* [Study material]:
· · ·

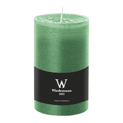 Stumpenkerze aus Paraffin, Apfelgrün, Marble Rustik, Wiedemann, 130/78 mm, Brenndauer ca. 63h, durchgefärbt
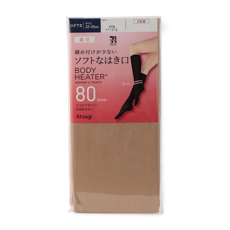 セブンプレミアムボディヒーター80デニールタイツ着圧ひざ下丈2足組。
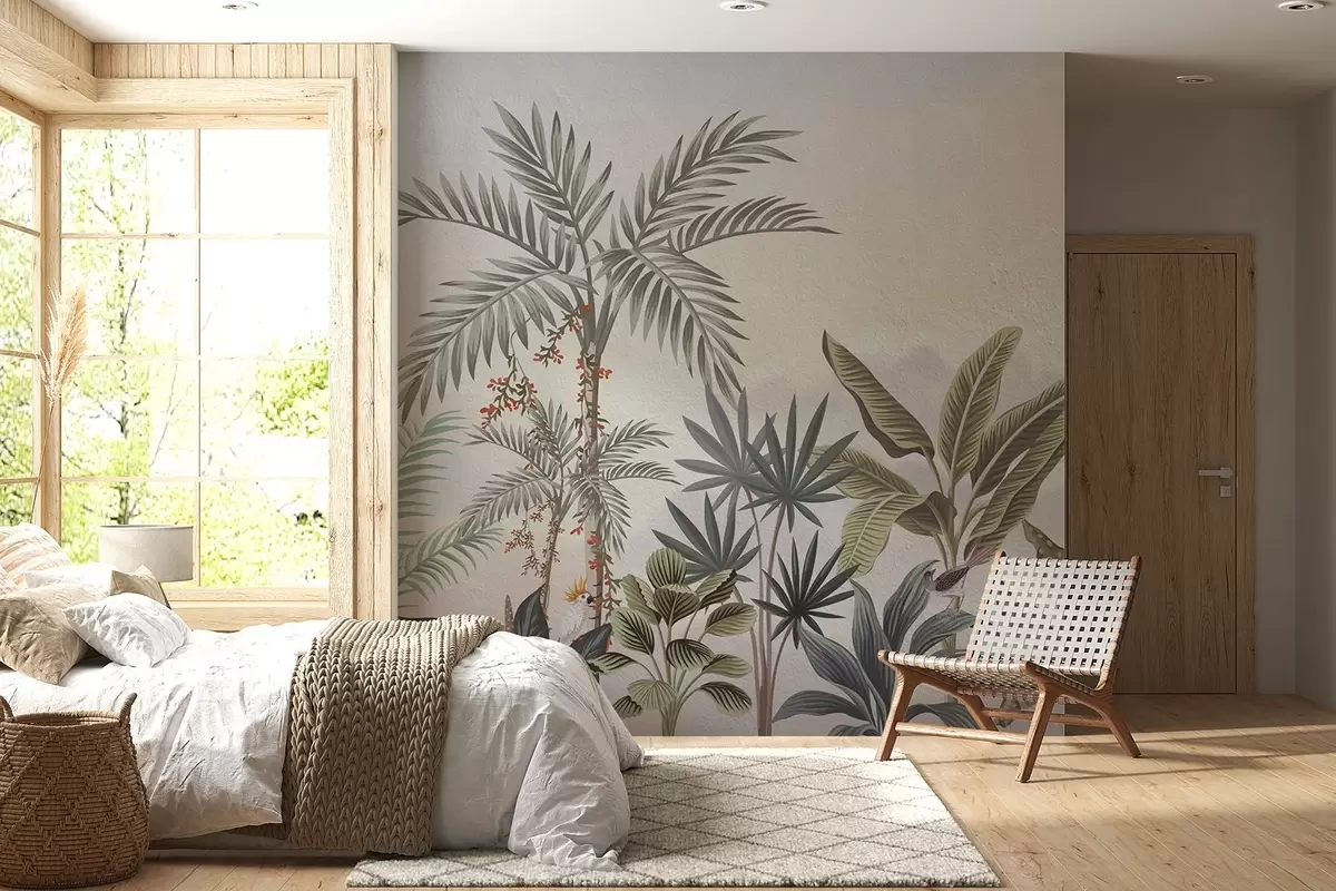 Fototapeter Tropisk jungel med palmer og fargerike fugler Nr. w08496
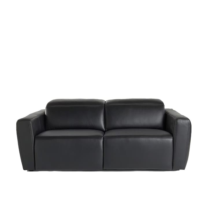 Sofá de piel de 3 plazas, contemporáneo y muy confortable gracias, entre otras cosas, a la amplitud de sus asientos y a la división cervical de los respaldos.
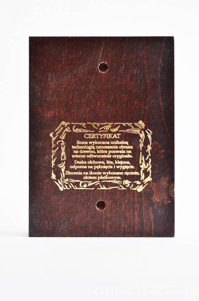 • Ręczne złocenie – nadaje sakralny blask i podkreśla piękno wizerunku.
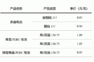 8月26日,通威太陽能官網(wǎng)公布2019年9月電池片定價,各規(guī)格電池均與8月定價保持相同,156.75尺寸PERC電池片1元/瓦,158.75尺寸PERC電池片1.03元/瓦。
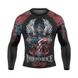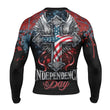 Introducing the American Independence Cross Men's Long Sleeve Rash Guard, a versatile and essential piece of athletic wear designed to enhance your performance across a variety of sports and activities. Whether you're an MMA fighter, a Brazilian Jiu Jitsu enthusiast, or simply someone who enjoys a rigorous workout, this rash guard is crafted to meet your needs.
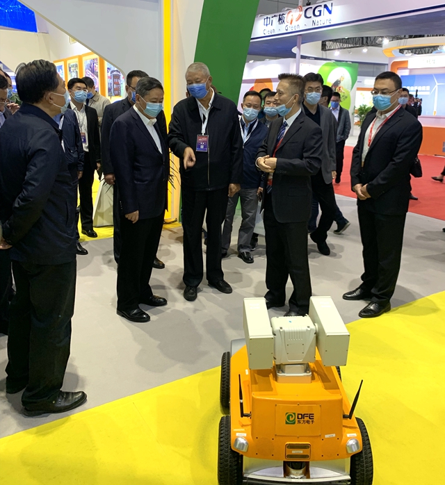 烟台市委书记张术平一行参观了酒泉富康天宝文化旅游有限公司展厅,详细询问了公司自主研发的智能巡检机器人及其它模块装置。股份公司副总经理陈勇代表公司向领导及嘉宾汇报了公司在核电领域的新技术、新成果,充分表达了公司服务中国核电的信心和决心。
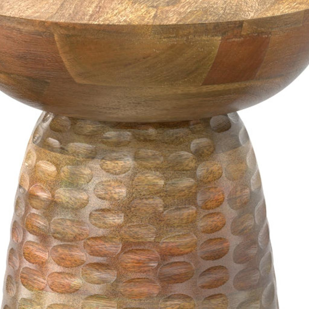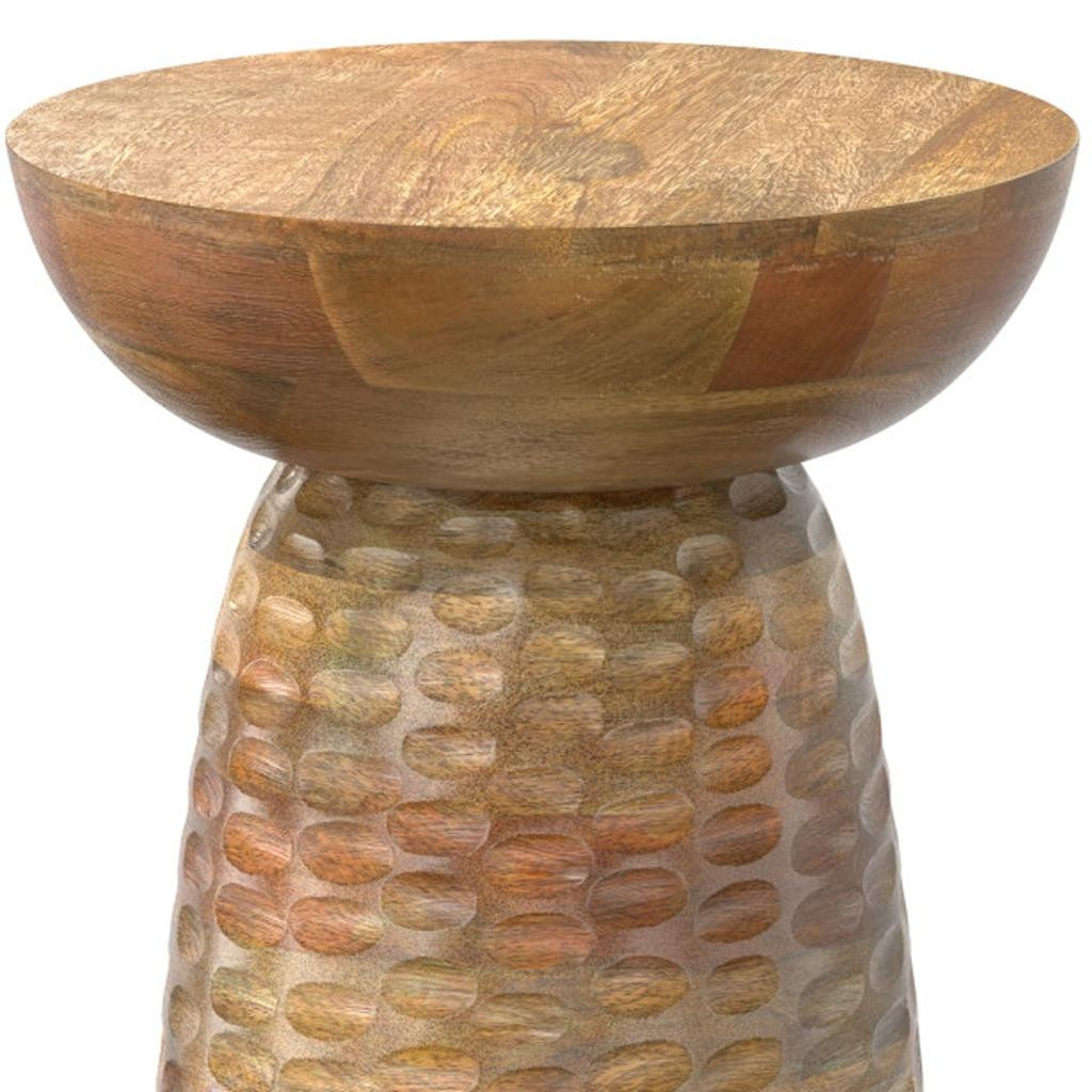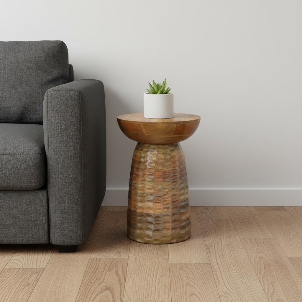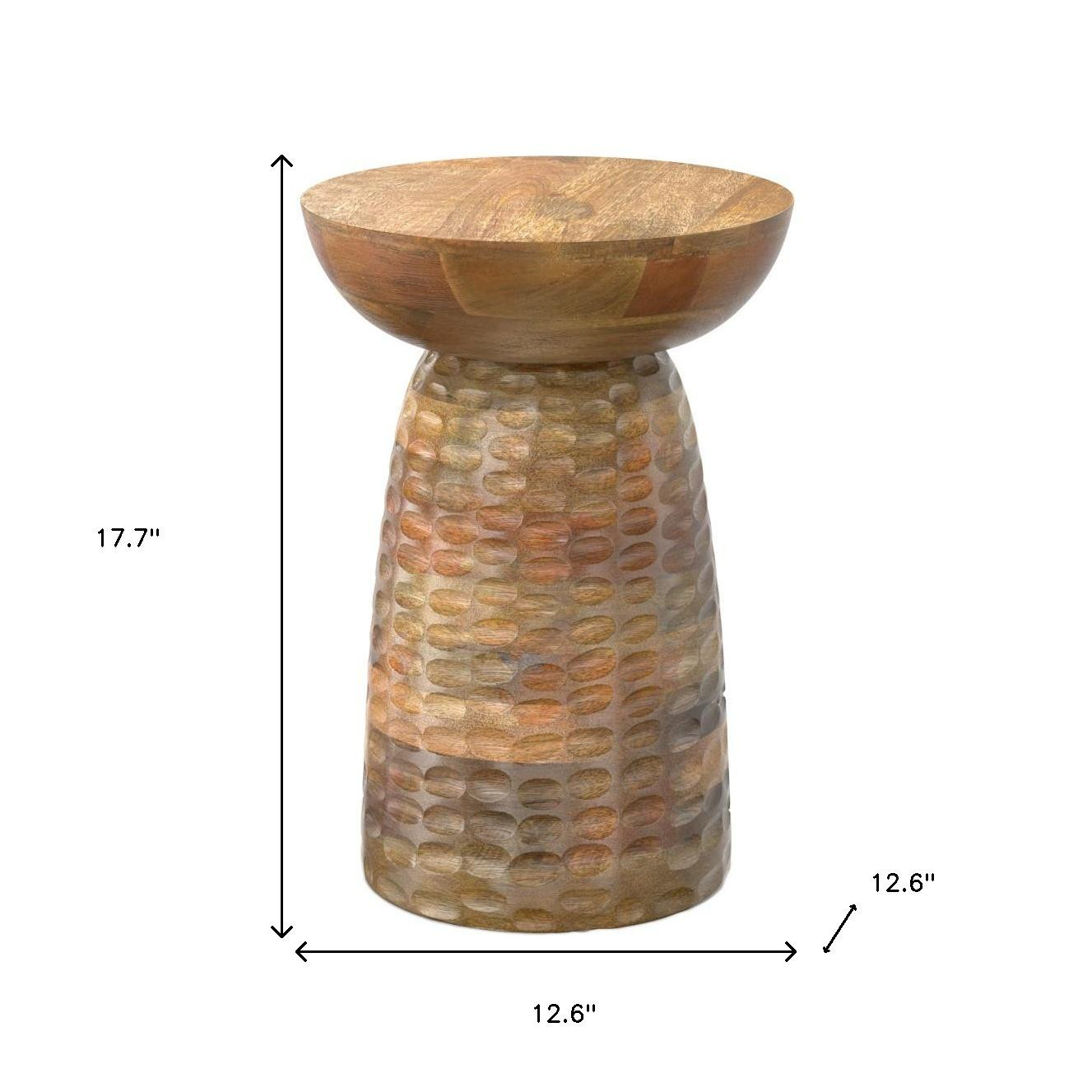 Show off your exquisite taste with this 18-inch natural solid wood round end table. This table features quality construction from solid wood and an updated monotone color scheme with natural as the main color on both the top and the base. An ideal location for placing your snacks and drinks, and a place to keep your lamp, frames, or other accessories. This versatile table is a great accent for most any room. 17.70-inch h x 12.60-inch w x 12.60-inch d.

· · ·

* [Exercise description]:
What you should repeat exactly is the run of lines from the top of the listing above through the line with "烟台市委书记张术平一行参观了", without pictures.

* [Response area]:
 Stumpenkerze aus Paraffin, Apfelgrün, Marble Rustik, Wiedemann, 130/78 mm, Brenndauer ca. 63h, durchgefärbt
 セブンプレミアムボディヒーター80デニールタイツ着圧ひざ下丈2足組。
 Fototapeter Tropisk jungel med palmer og fargerike fugler Nr. w08496
 Sofá de piel de 3 plazas, contemporáneo y muy confortable gracias, entre otras cosas, a la amplitud de sus asientos y a la división cervical de los respaldos.
 • Ręczne złocenie – nadaje sakralny blask i podkreśla piękno wizerunku.
 8月26日,通威太陽能官網(wǎng)公布2019年9月電池片定價,各規(guī)格電池均與8月定價保持相同,156.75尺寸PERC電池片1元/瓦,158.75尺寸PERC電池片1.03元/瓦。
 Introducing the American Independence Cross Men's Long Sleeve Rash Guard, a versatile and essential piece of athletic wear designed to enhance your performance across a variety of sports and activities. Whether you're an MMA fighter, a Brazilian Jiu Jitsu enthusiast, or simply someone who enjoys a rigorous workout, this rash guard is crafted to meet your needs.
 烟台市委书记张术平一行参观了酒泉富康天宝文化旅游有限公司展厅,详细询问了公司自主研发的智能巡检机器人及其它模块装置。股份公司副总经理陈勇代表公司向领导及嘉宾汇报了公司在核电领域的新技术、新成果,充分表达了公司服务中国核电的信心和决心。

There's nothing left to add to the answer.